◆ Given data:

========================================

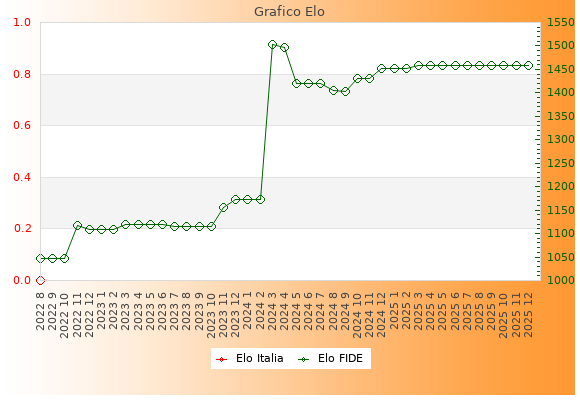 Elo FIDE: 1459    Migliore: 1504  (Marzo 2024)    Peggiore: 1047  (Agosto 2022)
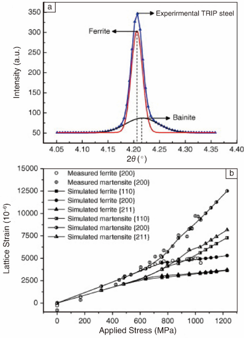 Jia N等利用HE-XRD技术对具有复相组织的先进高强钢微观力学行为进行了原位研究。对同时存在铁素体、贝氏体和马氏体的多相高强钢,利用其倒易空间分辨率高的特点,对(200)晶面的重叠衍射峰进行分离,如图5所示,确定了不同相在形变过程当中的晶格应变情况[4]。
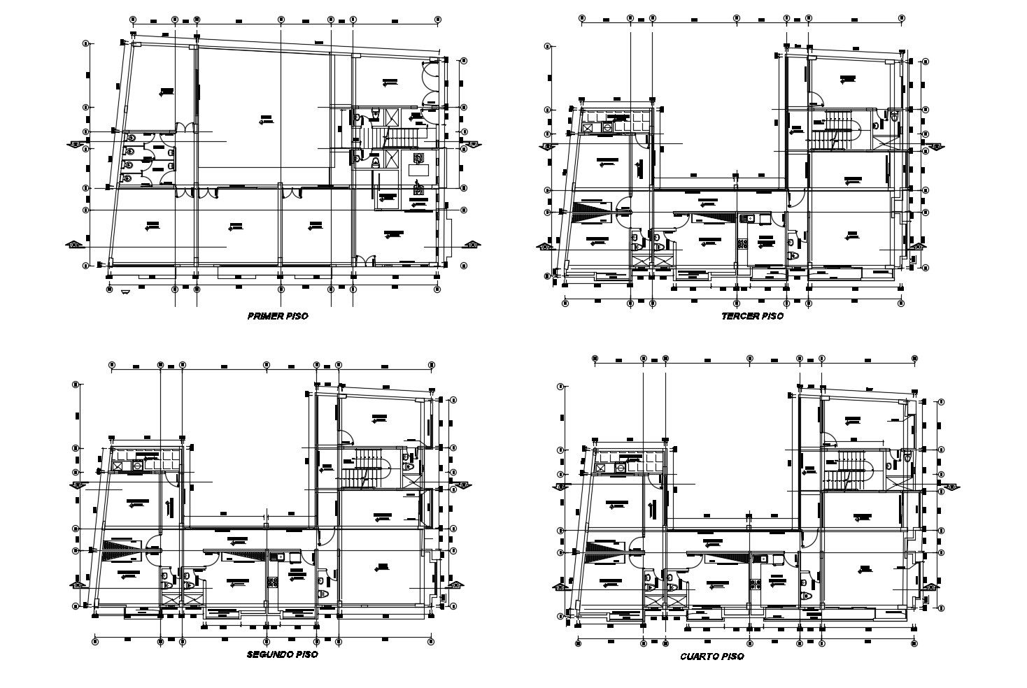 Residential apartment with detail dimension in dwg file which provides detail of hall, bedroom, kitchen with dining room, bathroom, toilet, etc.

========================================

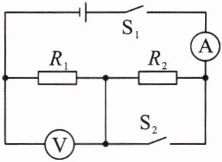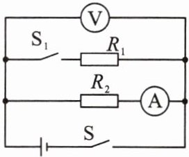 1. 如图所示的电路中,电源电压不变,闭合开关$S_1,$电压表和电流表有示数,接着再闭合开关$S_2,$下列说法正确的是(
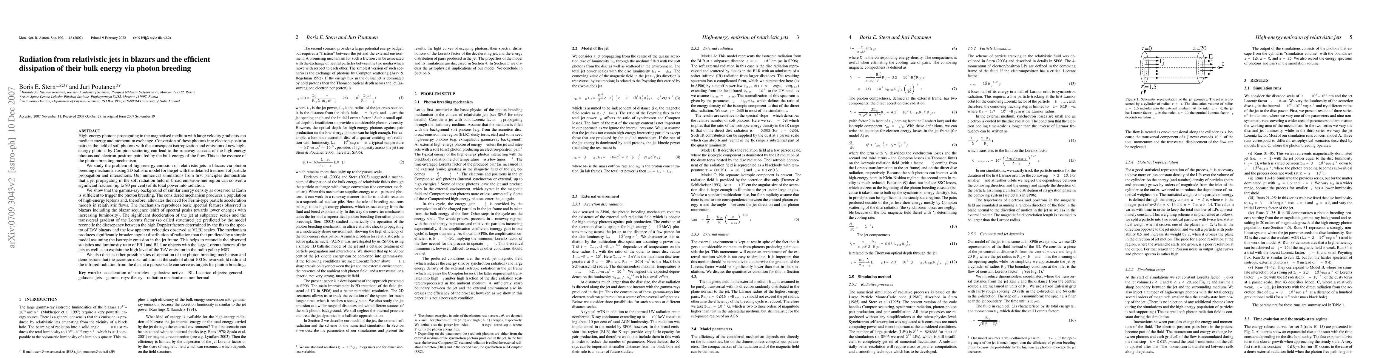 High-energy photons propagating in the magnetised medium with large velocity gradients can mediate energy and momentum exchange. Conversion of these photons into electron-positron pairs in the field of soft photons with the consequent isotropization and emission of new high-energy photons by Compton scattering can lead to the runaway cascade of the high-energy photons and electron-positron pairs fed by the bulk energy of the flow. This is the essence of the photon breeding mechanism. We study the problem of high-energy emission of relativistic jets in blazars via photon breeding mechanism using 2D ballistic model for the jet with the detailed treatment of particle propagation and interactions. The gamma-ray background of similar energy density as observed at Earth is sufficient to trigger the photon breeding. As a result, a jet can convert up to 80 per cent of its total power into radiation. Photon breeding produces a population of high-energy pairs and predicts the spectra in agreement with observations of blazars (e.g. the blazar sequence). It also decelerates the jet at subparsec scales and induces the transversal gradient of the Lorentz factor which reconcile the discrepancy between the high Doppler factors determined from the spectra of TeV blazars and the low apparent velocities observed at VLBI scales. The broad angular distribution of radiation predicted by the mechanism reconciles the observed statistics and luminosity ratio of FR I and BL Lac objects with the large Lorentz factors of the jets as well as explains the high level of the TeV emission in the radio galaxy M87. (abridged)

========================================

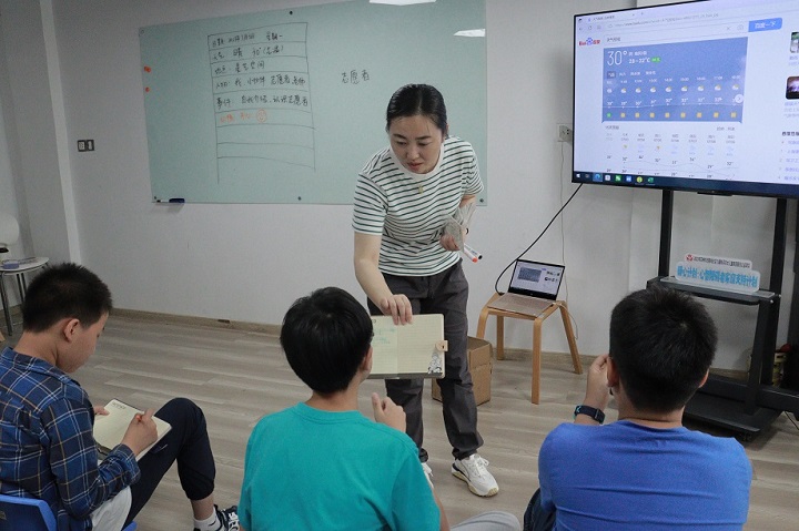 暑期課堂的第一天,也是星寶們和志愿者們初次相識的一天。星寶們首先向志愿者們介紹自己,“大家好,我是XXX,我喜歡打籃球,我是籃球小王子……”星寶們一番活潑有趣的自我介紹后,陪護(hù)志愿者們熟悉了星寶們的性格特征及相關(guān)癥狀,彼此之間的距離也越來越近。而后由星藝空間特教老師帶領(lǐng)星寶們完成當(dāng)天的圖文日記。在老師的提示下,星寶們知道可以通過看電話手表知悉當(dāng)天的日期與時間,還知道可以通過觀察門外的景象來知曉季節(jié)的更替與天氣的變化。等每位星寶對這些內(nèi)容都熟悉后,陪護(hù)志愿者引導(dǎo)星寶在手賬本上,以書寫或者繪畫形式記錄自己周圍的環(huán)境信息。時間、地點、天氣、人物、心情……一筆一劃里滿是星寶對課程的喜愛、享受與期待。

========================================

◆ Activity: Would you output the lines above from the line holding "Elo FIDE: 1459    Migliore: 1504  (Marzo" up to and including the line holding "Jia N等利用HE-XRD", exactly and only those, with no pictures?

◆ Response area:
 Elo FIDE: 1459    Migliore: 1504  (Marzo 2024)    Peggiore: 1047  (Agosto 2022)
 Jia N等利用HE-XRD技术对具有复相组织的先进高强钢微观力学行为进行了原位研究。对同时存在铁素体、贝氏体和马氏体的多相高强钢,利用其倒易空间分辨率高的特点,对(200)晶面的重叠衍射峰进行分离,如图5所示,确定了不同相在形变过程当中的晶格应变情况[4]。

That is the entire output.